Try this, it's what I use to compose with in Reason before I convert my tracks into proper MIDI. http://essel.spork-chan.net/rapidshare/Roland_SoundCanvas.sf2

fraggle said:

Really? That's crazy.

It comes closest to the SoundCanvas instrument set that Doom's music was originally written for. All my MIDIs for Back to Saturn X are written for it, too -- other soundfonts I've tried them with completely screw up the mixing and the instrument timbres, causing the songs to lose a lot of detail.

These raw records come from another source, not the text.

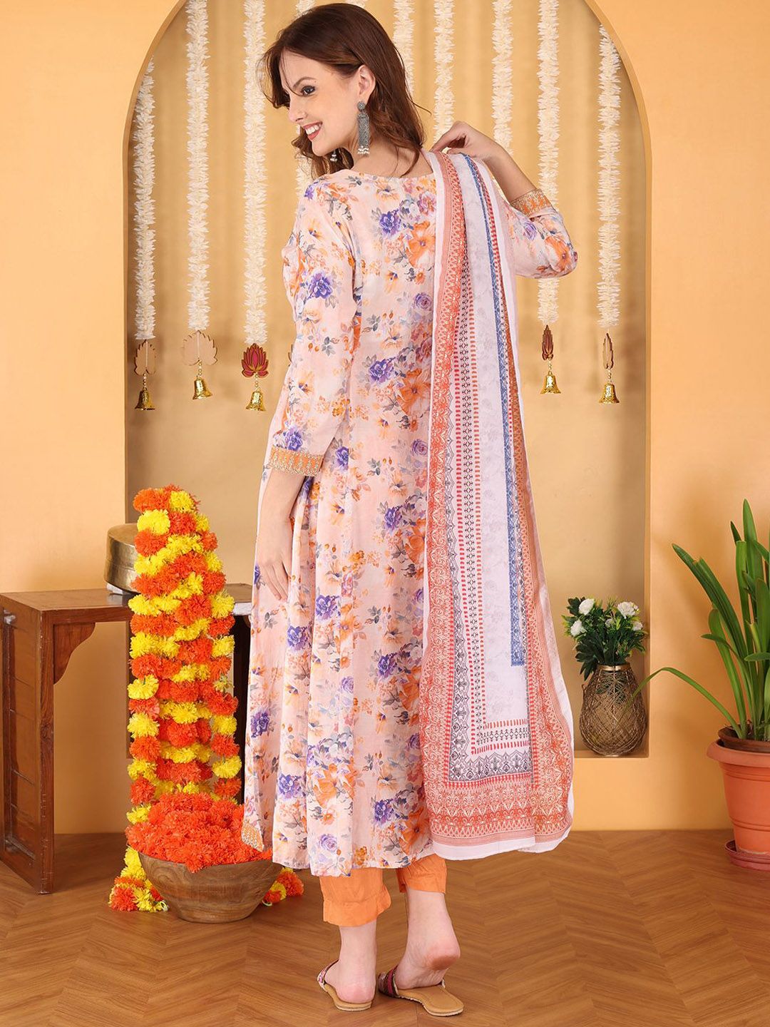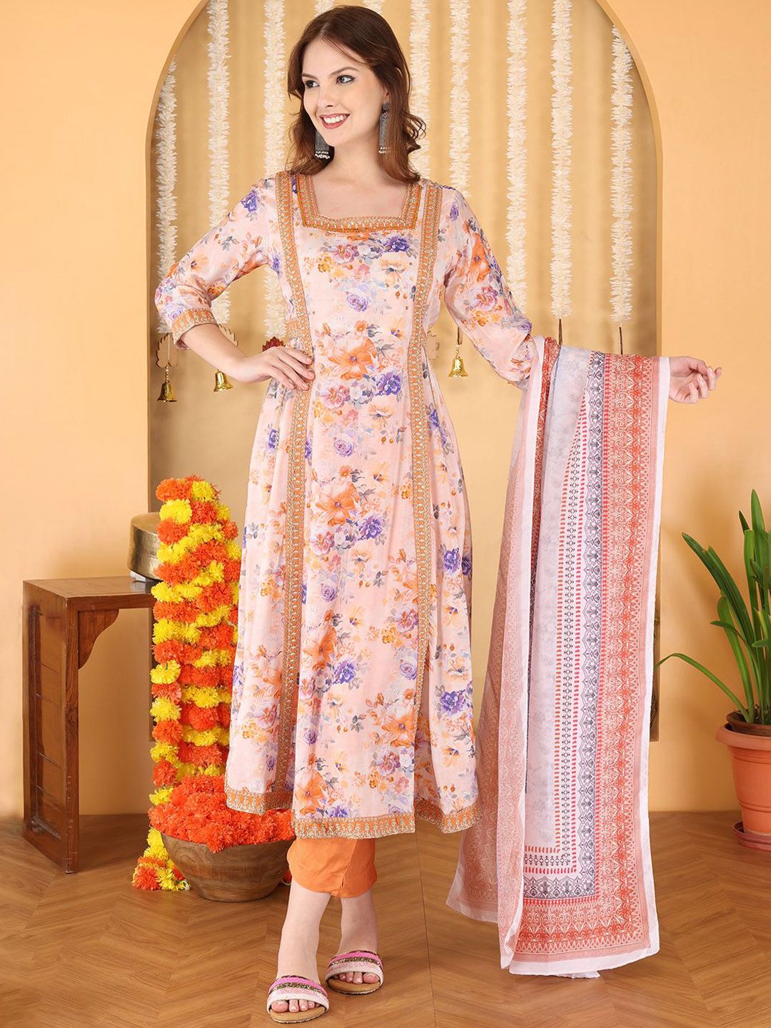 Anouk Floral Printed Thread Work A-Line Straight Kurta With Trousers & Dupatta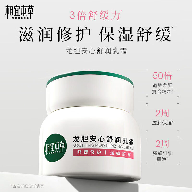 相宜本草龙胆安心舒润乳霜50g 修护舒缓干敏面霜【效期26年9月】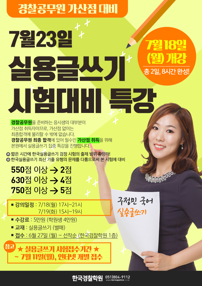 글제목 :      [가산점특강] 실용글쓰기 특강 (2회 / 8시간 완성) 7/18 (월)개강
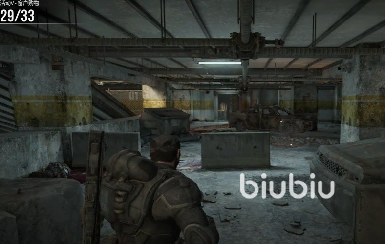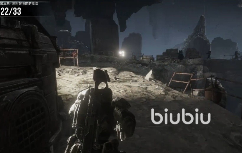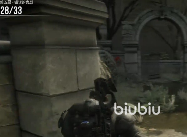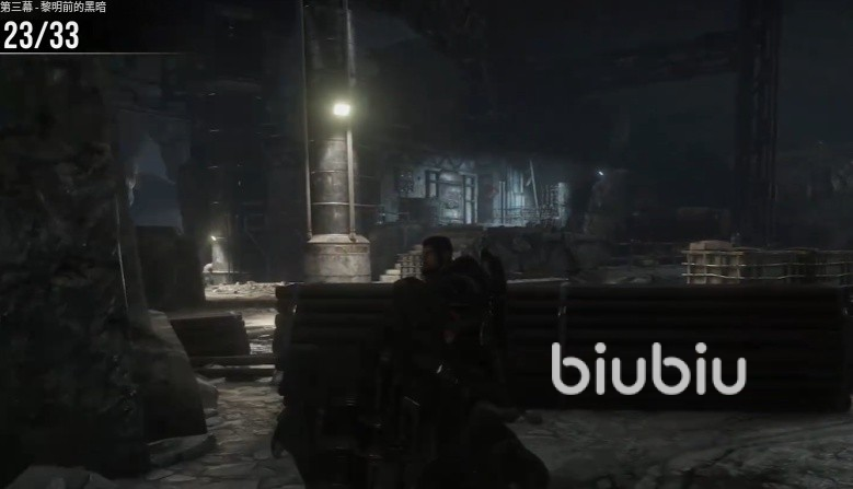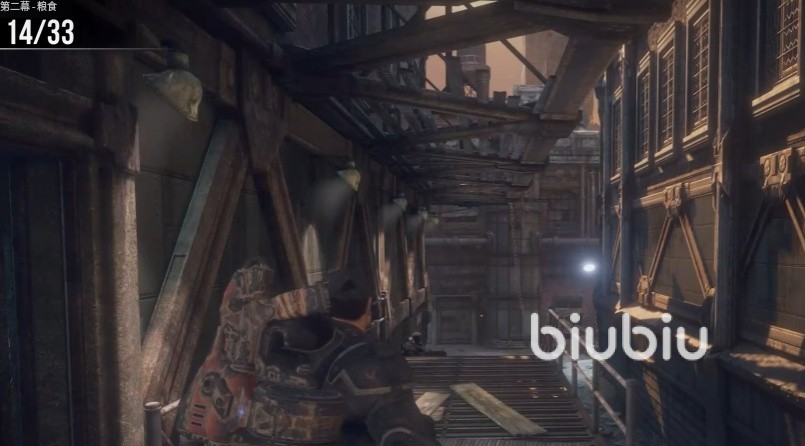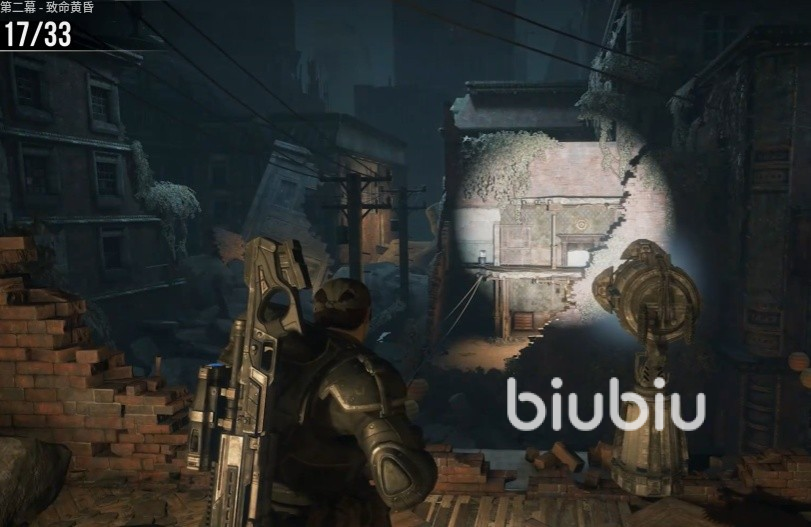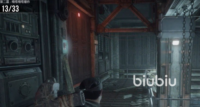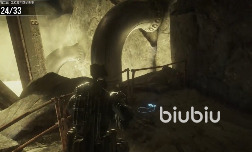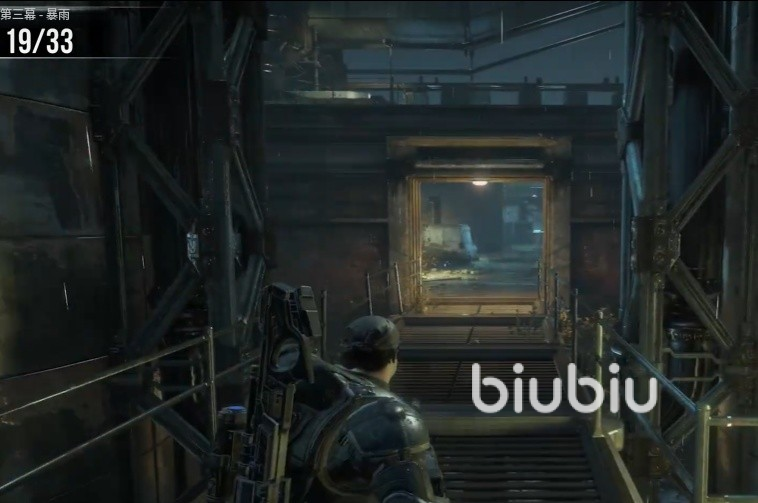 19、第三关暴雨环节中,冲过这片机械建筑,找红色涂鸦,从右侧小道过去,走到桥的尽头就有个。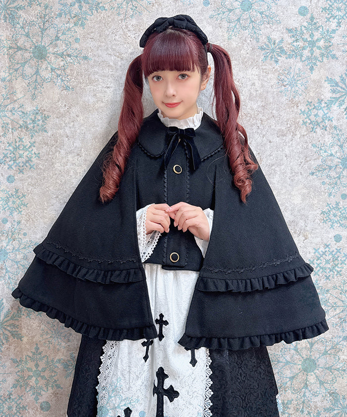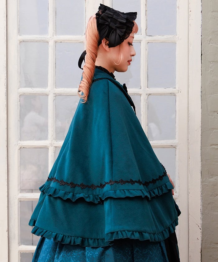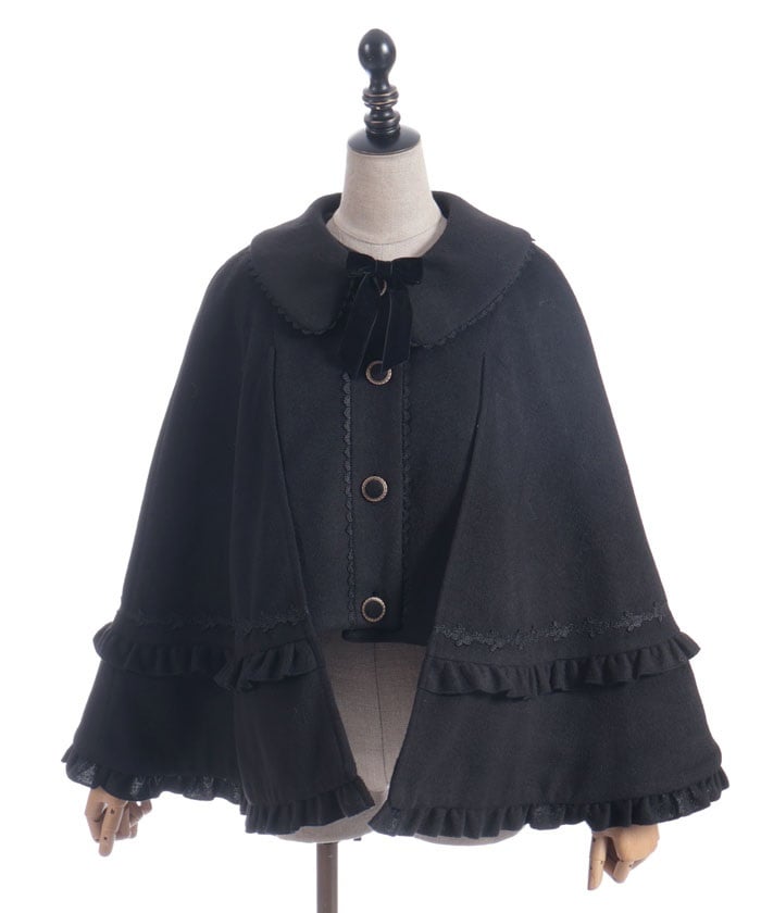 This cape coat is easy to coordinate with styles ranging from gothic to classical. The length is tailored to match Chalmiere's outfits.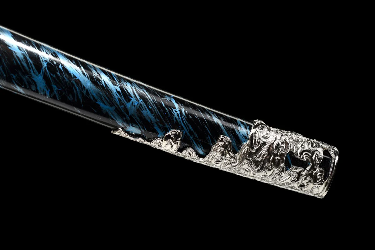 Le saya, réalisé en bois léger laqué et décoré, protège la lame tout en facilitant un dégainage fluide. La finition laquée, à la fois esthétique et pratique, offre une protection contre les éléments, assurant ainsi la longévité du fourreau et la sécurité de la lame. La légèreté du saya permet une manipulation rapide, essentielle pour les entraînements ou les démonstrations.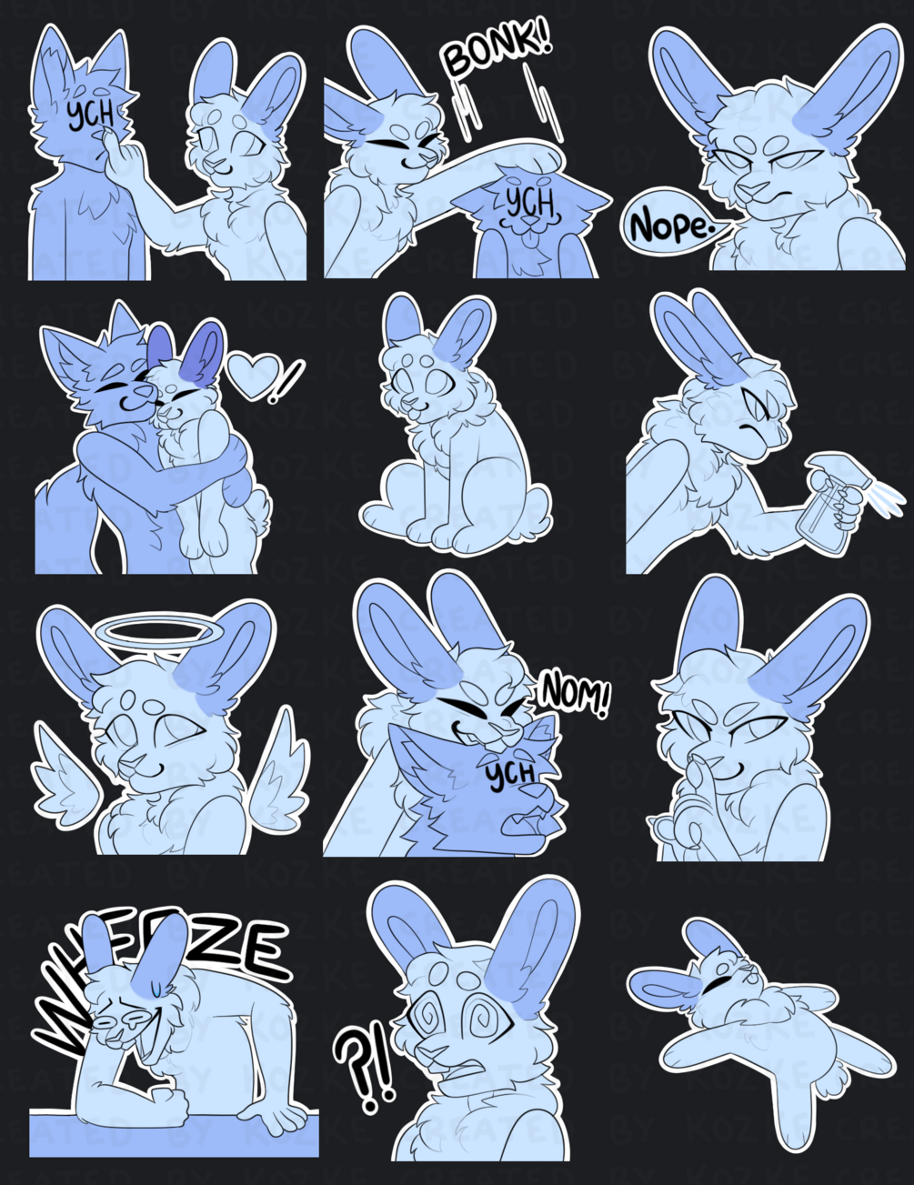 Digital Bunny Furry Emote/Sticker Bases (Pack 3)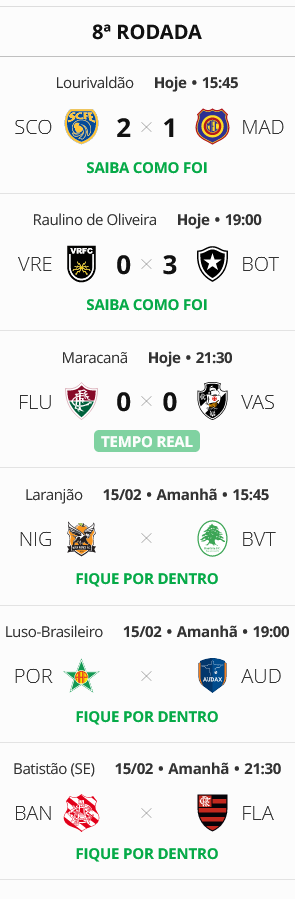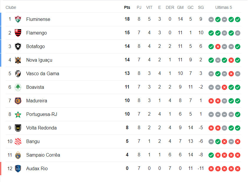 Com o empate por 0 a 0 contra o Fluminense, o Vasco chegou a 13 pontos e está na 5ª colocação na Taça Guanabara. O Gigante da Colina encerrará a 8ª rodada fora do G4.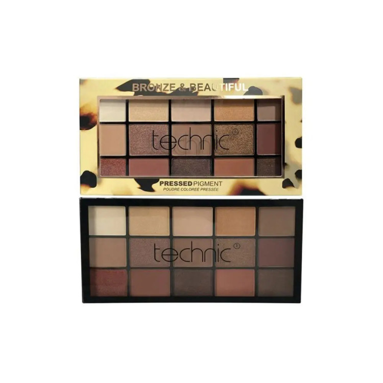 پالت سایه BRONZE & BEAUTIFUL تکنیک TECHNIC دارای 15 رنگ کاربردی و چشم نواز است که مناسب آرایش روزانه و شب بانوان خوش سلیقه می باشد. این پالت سایه با قابلیت بالای ترکبب رنگ ها و بلندینگ آسان یک انتخاب عالی برای افراد حرفه ای و مبتدی محسوب می شود. این محصول حاوی رنگدانه های غنی است و با جلوه مات و براق زیبایی چشم ها را دوچندان می کند.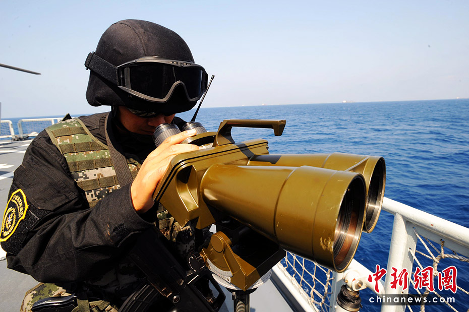 特戰(zhàn)隊員使用高倍望遠(yuǎn)鏡觀察瞭望。江山 攝

It also makes sense to target it when selecting instruments and setting up mixing levels because on a modern computer, it's the default playback method that 99% of users will hear if they don't customize their midi playback with an external replacement. If I can get a song to sound the way I want it to using the default instrument set (which is honestly pretty easy), it'll sound the same way for the vast majority of users. If I'm composing for a custom soundfont, whether it'll sound anything like it did when I composed it is anyone's guess.